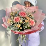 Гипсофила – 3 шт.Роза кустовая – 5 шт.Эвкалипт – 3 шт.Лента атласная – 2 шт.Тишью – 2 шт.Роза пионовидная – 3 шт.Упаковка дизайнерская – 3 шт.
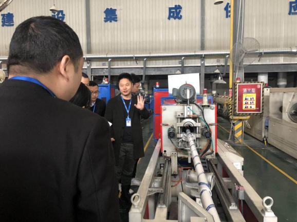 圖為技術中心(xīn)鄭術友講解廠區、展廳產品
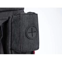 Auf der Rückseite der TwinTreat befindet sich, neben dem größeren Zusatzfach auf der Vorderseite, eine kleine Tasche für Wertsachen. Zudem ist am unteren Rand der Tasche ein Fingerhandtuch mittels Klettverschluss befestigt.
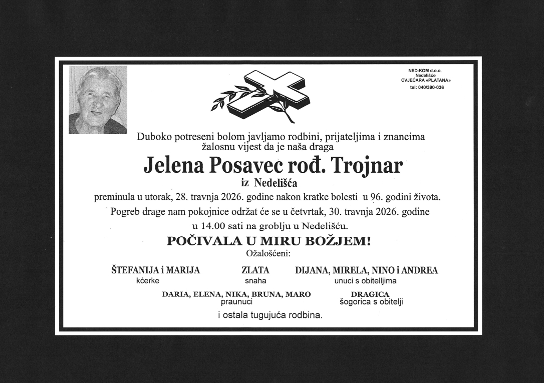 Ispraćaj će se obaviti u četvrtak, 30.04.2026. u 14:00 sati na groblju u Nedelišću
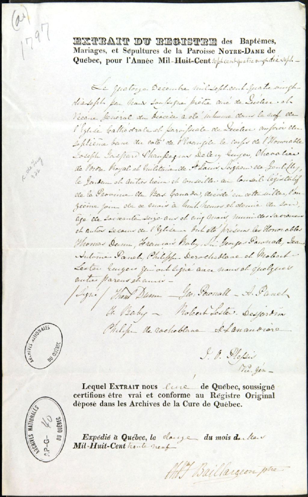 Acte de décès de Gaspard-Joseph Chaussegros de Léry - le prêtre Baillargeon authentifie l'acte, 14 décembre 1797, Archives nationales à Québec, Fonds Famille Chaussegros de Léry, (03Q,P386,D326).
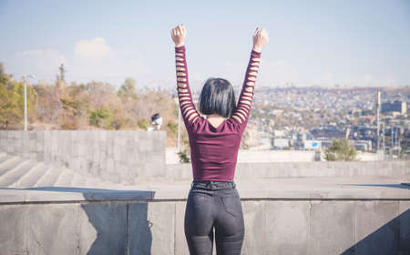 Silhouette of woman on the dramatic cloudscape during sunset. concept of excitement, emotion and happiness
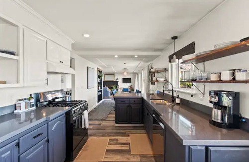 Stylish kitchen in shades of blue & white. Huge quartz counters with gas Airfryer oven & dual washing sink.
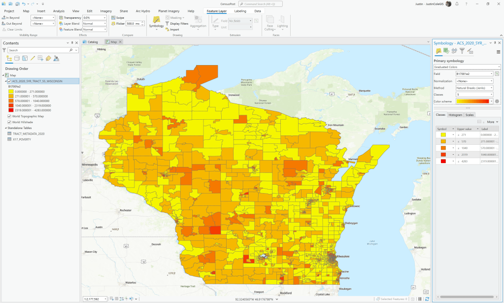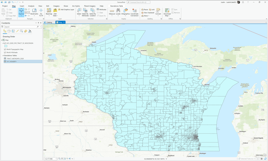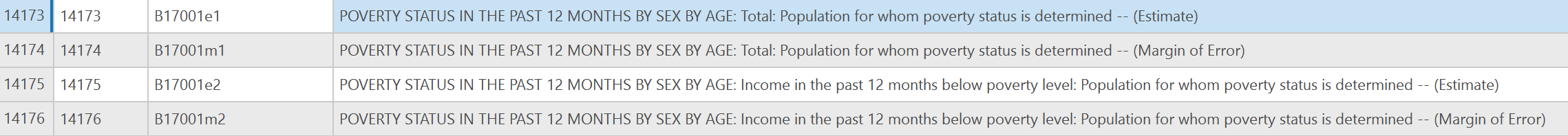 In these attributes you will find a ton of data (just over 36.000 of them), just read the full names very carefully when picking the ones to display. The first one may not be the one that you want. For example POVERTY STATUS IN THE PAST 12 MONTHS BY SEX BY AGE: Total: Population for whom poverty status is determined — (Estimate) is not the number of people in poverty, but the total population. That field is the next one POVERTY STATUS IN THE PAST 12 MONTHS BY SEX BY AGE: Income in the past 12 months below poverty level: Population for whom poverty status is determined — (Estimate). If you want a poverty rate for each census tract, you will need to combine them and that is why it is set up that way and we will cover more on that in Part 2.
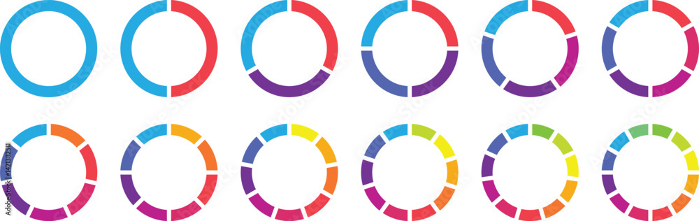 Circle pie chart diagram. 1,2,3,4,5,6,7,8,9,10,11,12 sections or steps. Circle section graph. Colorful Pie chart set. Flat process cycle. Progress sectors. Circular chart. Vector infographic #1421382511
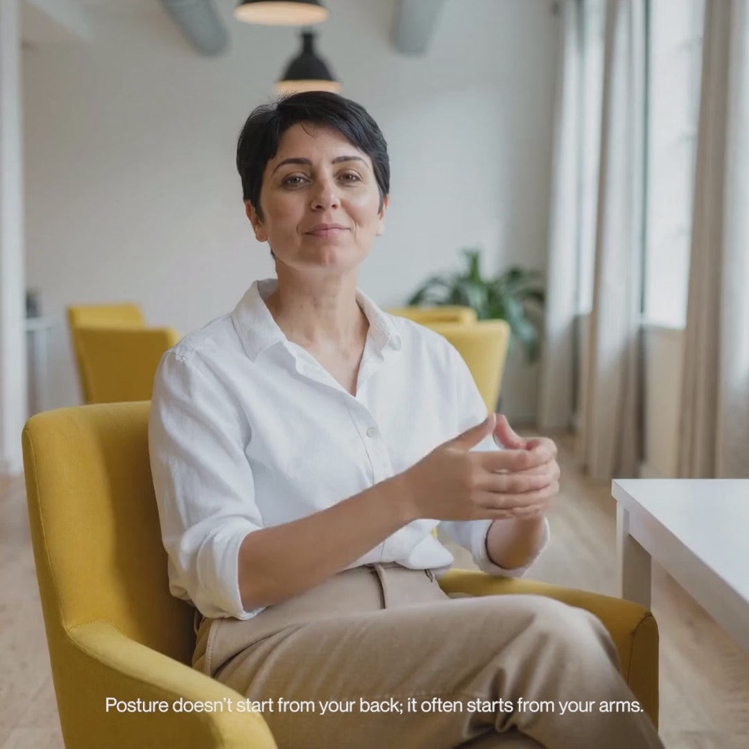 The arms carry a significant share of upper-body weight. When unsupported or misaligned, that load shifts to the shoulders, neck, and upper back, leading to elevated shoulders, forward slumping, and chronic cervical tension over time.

--*--

Exercise prompt:
Could you give the listing above again word for word, without any pictures?

Result below:
 Гипсофила – 3 шт.Роза кустовая – 5 шт.Эвкалипт – 3 шт.Лента атласная – 2 шт.Тишью – 2 шт.Роза пионовидная – 3 шт.Упаковка дизайнерская – 3 шт.
 圖為技術中心(xīn)鄭術友講解廠區、展廳產品
 Auf der Rückseite der TwinTreat befindet sich, neben dem größeren Zusatzfach auf der Vorderseite, eine kleine Tasche für Wertsachen. Zudem ist am unteren Rand der Tasche ein Fingerhandtuch mittels Klettverschluss befestigt.
 Ispraćaj će se obaviti u četvrtak, 30.04.2026. u 14:00 sati na groblju u Nedelišću
 Acte de décès de Gaspard-Joseph Chaussegros de Léry - le prêtre Baillargeon authentifie l'acte, 14 décembre 1797, Archives nationales à Québec, Fonds Famille Chaussegros de Léry, (03Q,P386,D326).
 Silhouette of woman on the dramatic cloudscape during sunset. concept of excitement, emotion and happiness
 Stylish kitchen in shades of blue & white. Huge quartz counters with gas Airfryer oven & dual washing sink.
 In these attributes you will find a ton of data (just over 36.000 of them), just read the full names very carefully when picking the ones to display. The first one may not be the one that you want. For example POVERTY STATUS IN THE PAST 12 MONTHS BY SEX BY AGE: Total: Population for whom poverty status is determined — (Estimate) is not the number of people in poverty, but the total population. That field is the next one POVERTY STATUS IN THE PAST 12 MONTHS BY SEX BY AGE: Income in the past 12 months below poverty level: Population for whom poverty status is determined — (Estimate). If you want a poverty rate for each census tract, you will need to combine them and that is why it is set up that way and we will cover more on that in Part 2.
 Circle pie chart diagram. 1,2,3,4,5,6,7,8,9,10,11,12 sections or steps. Circle section graph. Colorful Pie chart set. Flat process cycle. Progress sectors. Circular chart. Vector infographic #1421382511
 The arms carry a significant share of upper-body weight. When unsupported or misaligned, that load shifts to the shoulders, neck, and upper back, leading to elevated shoulders, forward slumping, and chronic cervical tension over time.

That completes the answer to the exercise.